Video Skill

Use this skill to run video-skill end-to-end or stage-by-stage.

First-time setup (no repo clone required)

Use one of these setup paths:

A) Run from local source repo (recommended while iterating):

cd /path/to/videoskill
uv sync --dev
cp config.example.json config.json

Then run commands with uv run, for example:

uv run video-skill --help

Then run video-skill ... directly from your working directory.
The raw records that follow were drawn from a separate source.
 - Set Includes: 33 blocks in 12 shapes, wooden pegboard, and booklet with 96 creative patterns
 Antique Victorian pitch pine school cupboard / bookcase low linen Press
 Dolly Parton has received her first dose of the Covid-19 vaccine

Verify providers before processing:

video-skill config-validate --config config.json
video-skill providers-ping --config config.json --path /v1/models

Standard workflow (recommended)

Run from your working directory where config.json and data paths are valid.
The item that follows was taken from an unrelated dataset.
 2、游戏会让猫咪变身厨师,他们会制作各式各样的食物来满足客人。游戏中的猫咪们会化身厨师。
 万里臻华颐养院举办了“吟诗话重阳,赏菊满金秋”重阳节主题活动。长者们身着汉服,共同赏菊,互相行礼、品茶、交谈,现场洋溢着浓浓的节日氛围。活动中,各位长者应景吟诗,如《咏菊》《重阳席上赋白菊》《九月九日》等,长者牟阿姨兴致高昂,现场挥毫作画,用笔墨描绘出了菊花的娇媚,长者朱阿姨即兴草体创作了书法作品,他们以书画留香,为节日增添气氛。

video-skill transcribe --video <video.mp4> --out <name>.whisper.json --config config.json
video-skill transcript-parse --input <name>.whisper.json --out <name>.segments.jsonl
video-skill transcript-chunk --segments <name>.segments.jsonl --out <name>.chunks.jsonl --window-s 120 --overlap-s 15
video-skill steps-extract --segments <name>.segments.jsonl --clips-manifest <clips>.jsonl --chunks <name>.chunks.jsonl --mode ai --config config.json --out <name>.steps.ai.jsonl
video-skill frames-extract --video <video.mp4> --steps <name>.steps.ai.jsonl --out-dir <frames_dir> --manifest-out <name>.frames_manifest.jsonl --sample-count 2
video-skill steps-enrich --steps <name>.steps.ai.jsonl --frames-manifest <name>.frames_manifest.jsonl --out <name>.steps.enriched.ai.jsonl --mode ai --config config.json
video-skill markdown-render --steps <name>.steps.enriched.ai.jsonl --out <name>.md --title "<Title>"

Modes

--mode heuristic: deterministic, no model calls
--mode ai-direct: VLM-centric enrichment
--mode ai: reasoning + VLM orchestration (default for quality)

Prefer --mode ai unless user asks for debugging or reduced model usage.
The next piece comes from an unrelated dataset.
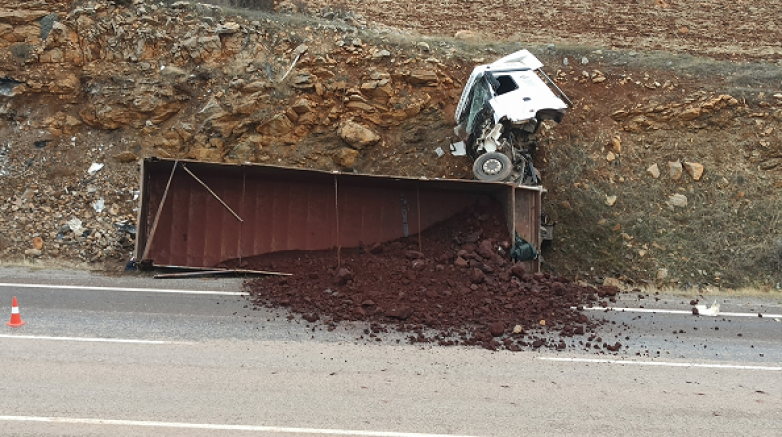 Seyit K. yönetimindeki maden yüklü 38 F 2909 plakalı kamyon, Büyük Ayvan mevkisinde kontrolden çıkarak şarampole devrildi.

Reliability and diagnostics

steps-enrich emits: - per-step progress logs - summary metrics: parse_errors, transient_recovered, unresolved_final - detailed *.errors.jsonl when any errors occur

If runs fail unexpectedly: 1. re-run providers-ping 2. inspect *.errors.jsonl by stage (sampling_plan, vlm_judge, vlm_select_frames, vlm_signal_pass, reasoning_finalize) 3. verify endpoint DNS/host reachability

Validation gate before claiming success

Always run:

video-skill --help

Use make verify only when working from the source repo.